> _Problem description_:
What you give back must match the data exactly, minus the pictures.

> _Source data_:

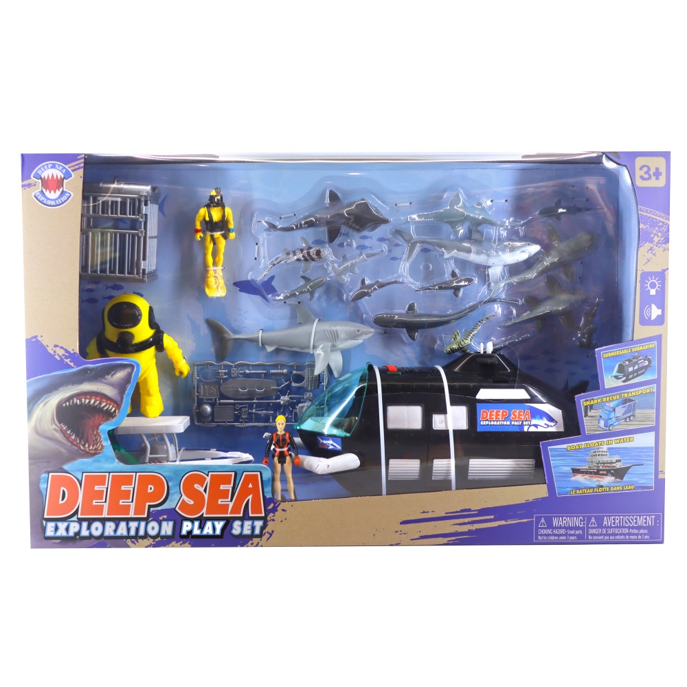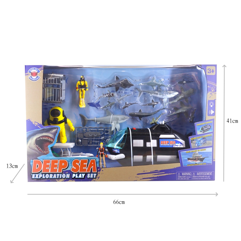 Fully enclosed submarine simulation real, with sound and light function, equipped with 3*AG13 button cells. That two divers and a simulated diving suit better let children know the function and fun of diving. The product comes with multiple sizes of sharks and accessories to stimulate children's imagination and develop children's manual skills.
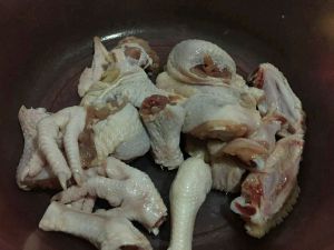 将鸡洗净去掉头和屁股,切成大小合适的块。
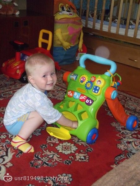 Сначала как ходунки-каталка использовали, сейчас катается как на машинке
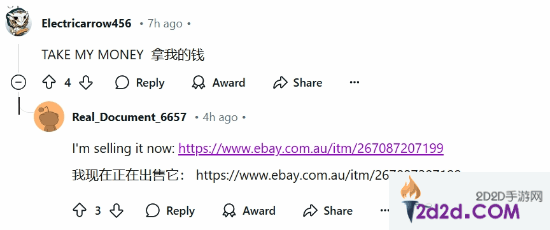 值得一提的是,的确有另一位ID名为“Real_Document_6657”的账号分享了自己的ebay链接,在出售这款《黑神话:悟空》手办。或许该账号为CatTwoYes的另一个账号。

> _Output below_:
 Fully enclosed submarine simulation real, with sound and light function, equipped with 3*AG13 button cells. That two divers and a simulated diving suit better let children know the function and fun of diving. The product comes with multiple sizes of sharks and accessories to stimulate children's imagination and develop children's manual skills.
 将鸡洗净去掉头和屁股,切成大小合适的块。
 Сначала как ходунки-каталка использовали, сейчас катается как на машинке
 值得一提的是,的确有另一位ID名为“Real_Document_6657”的账号分享了自己的ebay链接,在出售这款《黑神话:悟空》手办。或许该账号为CatTwoYes的另一个账号。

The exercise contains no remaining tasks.